Exercise requirements:
Any picture in the material should be left out, while all other lines are copied exactly.

------ Available data

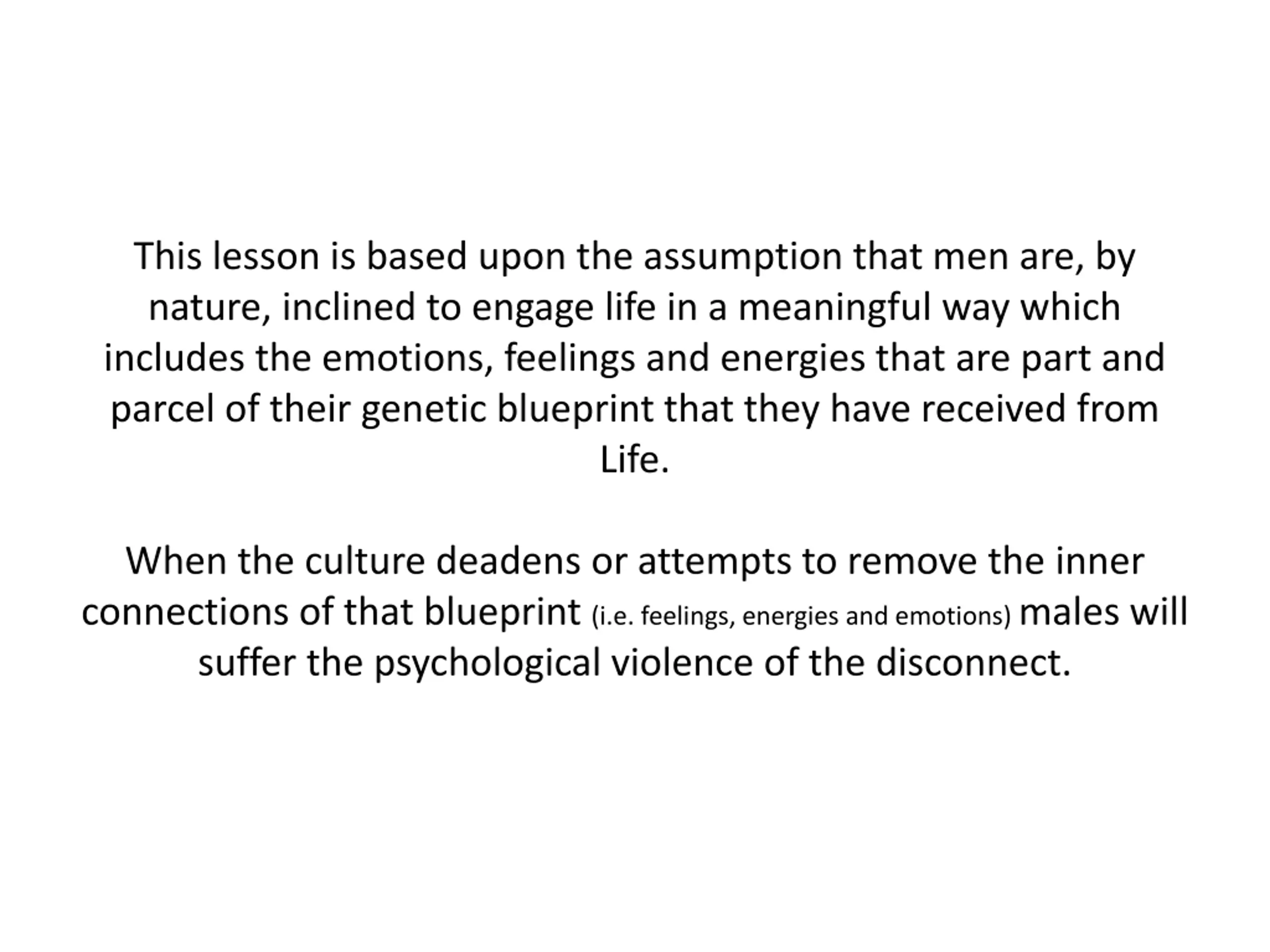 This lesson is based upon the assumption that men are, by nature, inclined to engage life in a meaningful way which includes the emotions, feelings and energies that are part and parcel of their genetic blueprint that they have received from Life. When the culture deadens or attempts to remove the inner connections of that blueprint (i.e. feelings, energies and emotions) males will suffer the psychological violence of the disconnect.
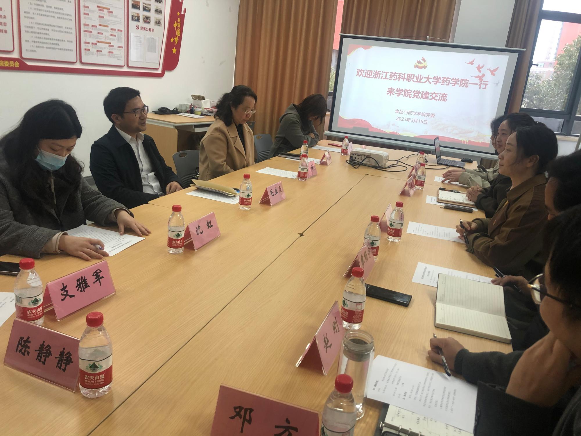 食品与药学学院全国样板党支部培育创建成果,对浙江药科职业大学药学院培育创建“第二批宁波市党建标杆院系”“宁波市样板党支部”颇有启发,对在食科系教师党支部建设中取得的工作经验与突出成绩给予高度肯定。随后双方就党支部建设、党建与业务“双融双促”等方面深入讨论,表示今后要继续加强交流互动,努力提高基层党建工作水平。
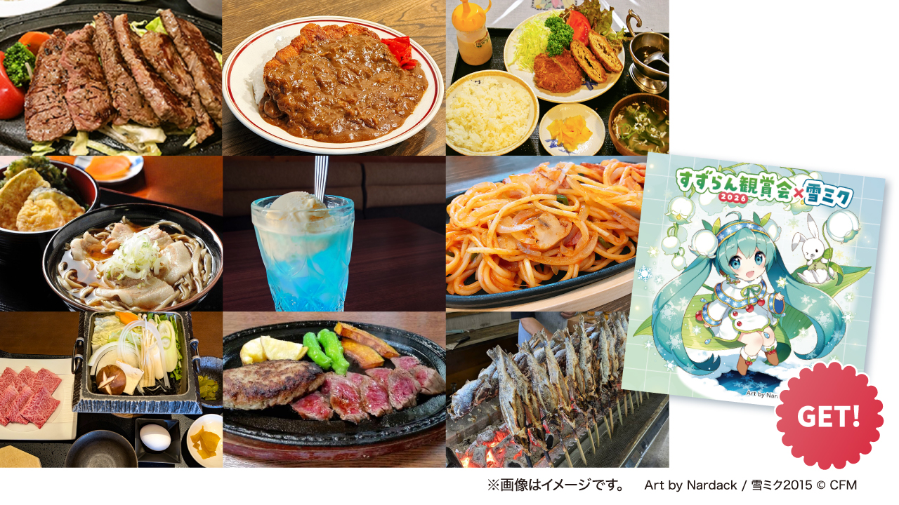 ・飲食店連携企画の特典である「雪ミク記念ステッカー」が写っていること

------------

Reply to the exercise:
 This lesson is based upon the assumption that men are, by nature, inclined to engage life in a meaningful way which includes the emotions, feelings and energies that are part and parcel of their genetic blueprint that they have received from Life. When the culture deadens or attempts to remove the inner connections of that blueprint (i.e. feelings, energies and emotions) males will suffer the psychological violence of the disconnect.
 食品与药学学院全国样板党支部培育创建成果,对浙江药科职业大学药学院培育创建“第二批宁波市党建标杆院系”“宁波市样板党支部”颇有启发,对在食科系教师党支部建设中取得的工作经验与突出成绩给予高度肯定。随后双方就党支部建设、党建与业务“双融双促”等方面深入讨论,表示今后要继续加强交流互动,努力提高基层党建工作水平。
 ・飲食店連携企画の特典である「雪ミク記念ステッカー」が写っていること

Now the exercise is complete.